Seven Times Seven
When the late Arthur Koestler published The Roots of Coincidence, a study of curious synchronicities in time and place, he was bombarded by letters from people who had had similar experiences.
The most consistently coincidental of all probably came from Anthony S. Clancy of Dublin, who was born on the seventh day of the seventh month of the seventh year of the century, which also happened to be the seventh day of the week. “I was the seventh child of a seventh child,” he wrote, “and I have seven brothers; that makes seven sevens.”
Actually, it makes eight sevens if one counts the number of letters in his first name, but to continue: On his twenty-seventh birthday, according to Clancy, he went to the track. The seventh numbered horse in the seventh race was named Seventh Heaven, and was handicapped seven stone. The odds against Seventh Heaven were seven-to-one, but Clancy bet seven shillings anyway.
Seventh Heaven finished seventh.
A Tale of Three Titans
The greatest maritime disaster of all time befell the greatest man-made behemoth of all time - the White Star Line's tragically ill-fated Titanic. The real-life tragedy was matched only by that of the Titan, a fictional luxury liner that also went down with a terrible loss of life in April 1898, fourteen years before the Titanic struck the iceberg that sent her to her watery grave, also on an April evening.
The Titan sailed only in the pages of Morgan Robertson's novel, aptly named Futility. But the parallels between the two gigantic passenger ships stagger the imagination. Robertson's prophetic Titan departed Southampton, England, on her maiden voyage, as did the "unsinkable" Titanic herself. Both ships were about the same length, 800 feet and 828½ feet long, and of comparable tonnage - 70,000 and 66,000 tons respectively. Each had three propellers and carried 3000 passengers apiece.
Each ship was jammed to the gunwales with wealthy citizens. Both struck an iceberg at the same spot and sank. And both boats suffered terrible casualties because neither carried enough lifeboats. In the case of the Titanic, 1513 passengers died, most from exposure in the frigid Atlantic.
One of those who died aboard the Titanic was famous spiritualist and journalist W.T. Stead, who had written his own short story foretelling a similar sinking in 1892. But neither Futility nor Stead's story could save the doomed Titanic. Another premonition, however, did avoid tragedy. In April 1935, seaman William Reeves was standing on the bow watch aboard the tramp steamer Titanian, bound for Canada from England. The similarities and memories of the Titanic tragedy preyed upon his mind and sent a shiver up his spine. His boat's bow was cutting through the same still waters the Titanic had. And as midnight, the hour of the great ocean liner's end, approached, Reeves remembered that the date of the great ocean liner sank - April 14, 1912 - was his own birthday.
Overwhelmed by coincidence, Reeves called out, and the Titanian hove to, stopping just short of a looming iceberg. Soon after, other crystal mountains rose out of the night. The Titanian sat still, but safe, for nine days, until the icebreakers from Newfoundland finally cut a swath through the deadly ice.
Cannibalistic Coincidence
Fact often follows fiction. Take the uncanny case of the two Richard Parkers. The first was a cabin boy in Edgar Allen Poe's uncompleted adventure novel, Narrative of Arthur Gordon Pym, published in 1837. In the course of the story, four sailors are shipwrecked at sea and escape in a small lifeboat. Facing starvation, the four finally decide to draw straws to see who will be sacrificed and cannibalized by the other three. Parker drew the short stick and is promptly stabbed and eaten by the surviving trio.

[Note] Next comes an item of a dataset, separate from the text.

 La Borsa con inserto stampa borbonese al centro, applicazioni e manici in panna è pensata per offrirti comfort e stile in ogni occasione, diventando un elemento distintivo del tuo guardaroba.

More than forty years later, Poe's unfinished tale was repeated in amazingly accurate and grim detail. Four survivors of a shipwreck, adrift in an open boat, did draw straws to see who would survive and who would be eaten. And the loser was Richard Parker, the ship's cabin boy. His mates stood trial for his murder in England in 1884.

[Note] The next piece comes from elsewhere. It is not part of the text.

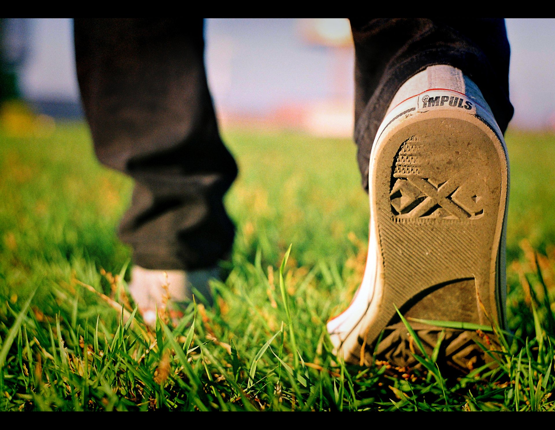Alte Turnschuhe mit Schnürsenkeln auf dem Asphalt

The macabre event might not have come to light at all but for a contest sponsored by the London Sunday Times seeking remarkable coincidences. Twelve-year-old Nigel Parker won the competition. The unfortunate cabin boy eaten by his comrades had been Nigel's great-grandfather's cousin.
Lightning Strikes More Than Twice
In 1899 a bolt of lightning killed a man as he stood in his backyard in Taranto, Italy. Thirty years later his son was killed in the same way and in the same place. On October 8, 1949, Rolla Primarda, the grandson of the first victim and the son of the second, became the third.
Just as strange was the fate of a British officer, Major Summerford, who while fighting in the fields of Flanders in February 1918 was knocked off his horse by a flash of lightning and paralyzed from the waist down.
Summerford retired and moved to Vancouver. One day in 1924, as he fished alongside a river, lightning hit the tree he was sitting under and paralyzed his right side.
Two years later Summerford was sufficiently recovered that he was able to take walks in a local park. He was walking there one summer day in 1930 when a lightning bolt smashed into him, permanently paralyzing him. He died two years later.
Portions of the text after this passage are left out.